Application will be made to the London Stock Exchange for
6,500,000 new Ordinary Shares, which will rank pari passu with the
Company's existing Ordinary Shares, to be admitted to trading on
AIM once the Suspension has been lifted. Dealings in the new
Ordinary Shares on AIM will not commence until this date and a
further announcement will be made once this date is known.
The Company has also granted 6,500,000 warrants over ordinary
shares of 1 pence each to Richard Bernstein ("Warrants"). The
Warrants have an exercise price of 1.5 pence per ordinary share and
have an exercise period of two years commencing on the date of
grant.
The new Ordinary Shares and the Warrants are being issued
pursuant to the shareholder authorities granted to the Directors at
the Company's 2022 Annual General Meeting.
Related Party Transaction
Prior to completion of the Subscription, Richard Bernstein held
8,200,000 existing ordinary shares representing approximately 12.59
per cent. of the existing ordinary shares in issue. As such,
Richard Bernstein is a substantial shareholder of the Company by
definition of the AIM Rules for Companies and therefore the issue
of 6,500,000 new Ordinary Shares pursuant to the Subscription and
granting of the Warrants are therefore related party transactions
pursuant to AIM Rule 13.
The Company's directors (each of whom is considered independent
of Richard Bernstein), having consulted with Singer Capital Markets
Advisory LLP (the Company's nominated adviser), consider the terms
of the Subscription and the Warrants are fair and reasonable
insofar as the Company's shareholders are concerned.
Richard Bernstein now holds 14,700,000 Ordinary Shares in the
capital of the Company, representing approximately 20.51 per cent.
of the issued share capital of the Company as enlarged by the
Subscription. In the event that Mr Bernstein subsequently exercises
the Warrants in full (and no other new Ordinary Shares are issued
by the Company in the meantime), his holding would increase to
21,200,000 Ordinary Shares, which would represent 27.13 per cent.
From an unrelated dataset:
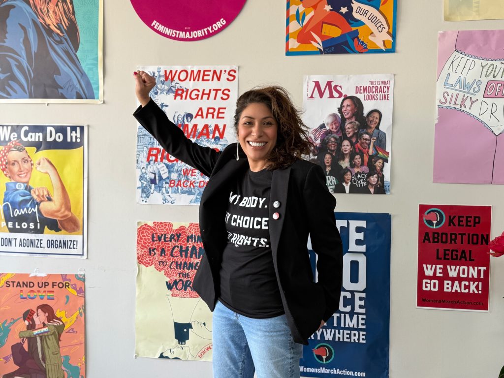 Emiliana Guereca standing in the Women’s March Foundation’s Boyle Heights office holding up a raised fist in a show of resistance and solidarity (Sarah Arencibia/Annenberg Media).

of the then further enlarged issued share capital of the
Company.
Total Voting Rights
Following admission of the new Ordinary Shares to trading on
AIM, the Company will have 71,655,980 ordinary shares of 1 pence in
issue. On admission, the figure of 71,655,980 may be used by the
Company's shareholders as the denominator for the calculations by
which they will determine if they are required to notify their
interest in, or a change to their interest in, the Company under
the Financial Conduct Authority's Disclosure Guidance and
Transparency Rules. The Company has no ordinary shares held in
treasury.
Board Changes
Following completion of the above arrangements, the Company
confirms that Neil Johnson, Ian Watson, and Baroness Kate Rock have
stepped down from the Company's board of directors with immediate
effect in order reduce ongoing costs and conserve cash. The
Company's board of directors now comprises Gavin Manson as Chief
Financial Officer and Alastair Miller as Independent Non-Executive
Director. The Company has chosen to adopt Quoted Companies Alliance
Corporate Governance Code (the "QCA Code"). As a result of these
changes, the Company is no longer compliant with the requirement
under the QCA Code for at least two independent non-executive
directors. The Company would seek to remedy this situation and
reconstitute its board of directors at the time that any
Transaction (as defined above) is completed, in order to ensure
compliance with this aspect of the QCA Code.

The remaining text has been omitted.